(Beginning of Information provided)
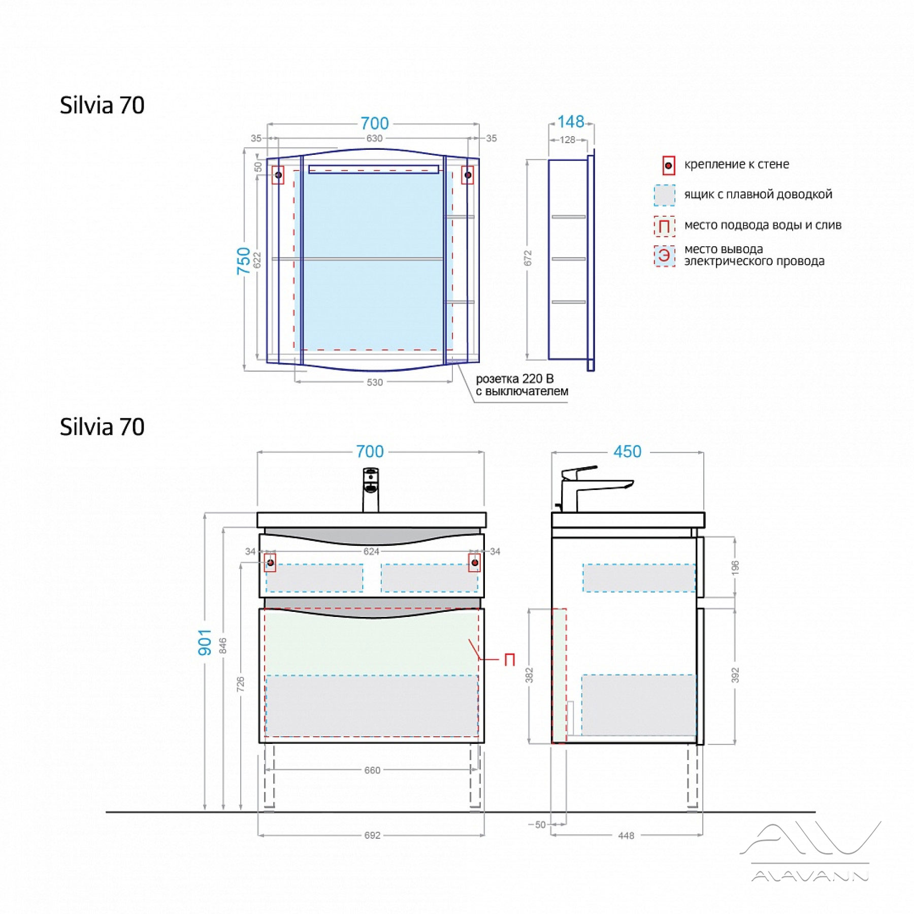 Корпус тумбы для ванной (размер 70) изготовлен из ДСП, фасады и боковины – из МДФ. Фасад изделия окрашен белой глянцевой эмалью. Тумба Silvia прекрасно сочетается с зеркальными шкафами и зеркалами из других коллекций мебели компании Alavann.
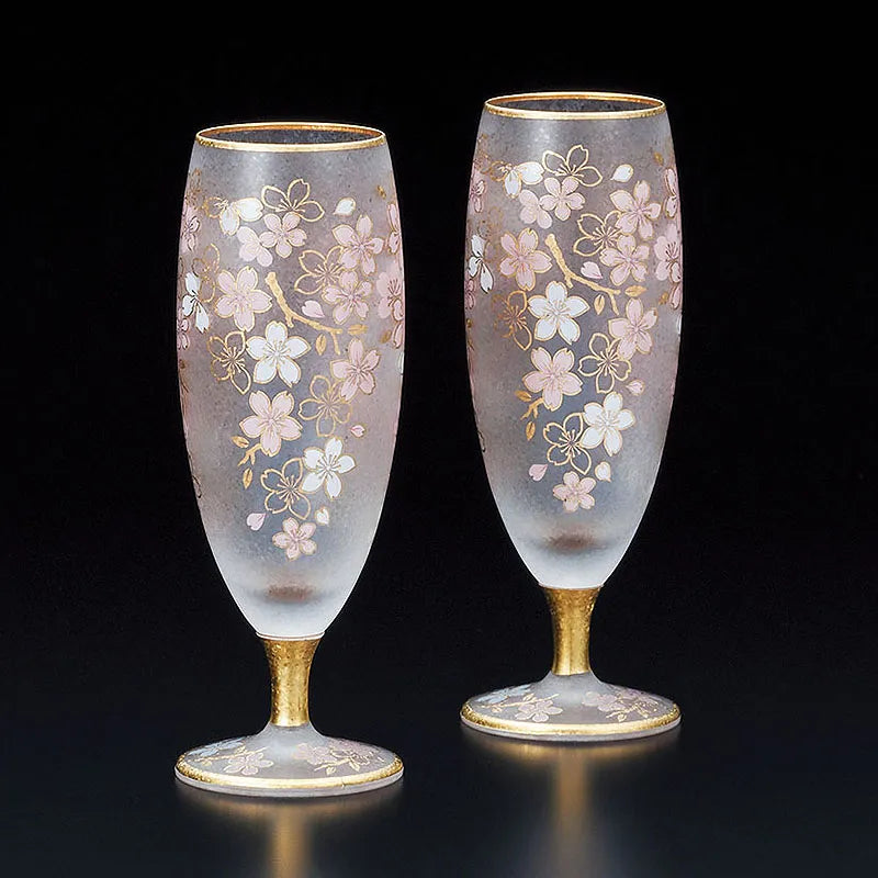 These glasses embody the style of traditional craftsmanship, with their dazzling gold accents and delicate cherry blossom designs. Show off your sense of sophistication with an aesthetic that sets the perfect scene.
(End of Information provided)
(Beginning of Information provided)
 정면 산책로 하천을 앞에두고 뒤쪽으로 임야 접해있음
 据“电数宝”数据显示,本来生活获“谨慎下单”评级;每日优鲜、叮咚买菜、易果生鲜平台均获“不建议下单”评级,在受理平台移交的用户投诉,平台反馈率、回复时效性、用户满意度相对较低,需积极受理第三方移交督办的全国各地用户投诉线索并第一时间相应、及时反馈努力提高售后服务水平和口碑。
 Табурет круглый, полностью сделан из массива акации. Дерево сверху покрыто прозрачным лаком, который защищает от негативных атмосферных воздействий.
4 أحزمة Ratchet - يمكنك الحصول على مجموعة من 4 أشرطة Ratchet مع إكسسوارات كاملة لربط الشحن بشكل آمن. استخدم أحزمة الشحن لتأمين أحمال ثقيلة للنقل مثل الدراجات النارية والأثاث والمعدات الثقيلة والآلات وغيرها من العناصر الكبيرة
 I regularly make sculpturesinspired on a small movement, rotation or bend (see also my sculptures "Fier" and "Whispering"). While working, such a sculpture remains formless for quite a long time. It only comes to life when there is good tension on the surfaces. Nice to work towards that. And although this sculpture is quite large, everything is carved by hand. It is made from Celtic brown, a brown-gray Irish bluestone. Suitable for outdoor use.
(End of Information provided)
What to do » Set down only the lines above that fall between the line holding "Табурет круглый, полностью" and the line holding "I regularly make", inclusive, keeping each exact.

Task result »
 Табурет круглый, полностью сделан из массива акации. Дерево сверху покрыто прозрачным лаком, который защищает от негативных атмосферных воздействий.
4 أحزمة Ratchet - يمكنك الحصول على مجموعة من 4 أشرطة Ratchet مع إكسسوارات كاملة لربط الشحن بشكل آمن. استخدم أحزمة الشحن لتأمين أحمال ثقيلة للنقل مثل الدراجات النارية والأثاث والمعدات الثقيلة والآلات وغيرها من العناصر الكبيرة
 I regularly make sculpturesinspired on a small movement, rotation or bend (see also my sculptures "Fier" and "Whispering"). While working, such a sculpture remains formless for quite a long time. It only comes to life when there is good tension on the surfaces. Nice to work towards that. And although this sculpture is quite large, everything is carved by hand. It is made from Celtic brown, a brown-gray Irish bluestone. Suitable for outdoor use.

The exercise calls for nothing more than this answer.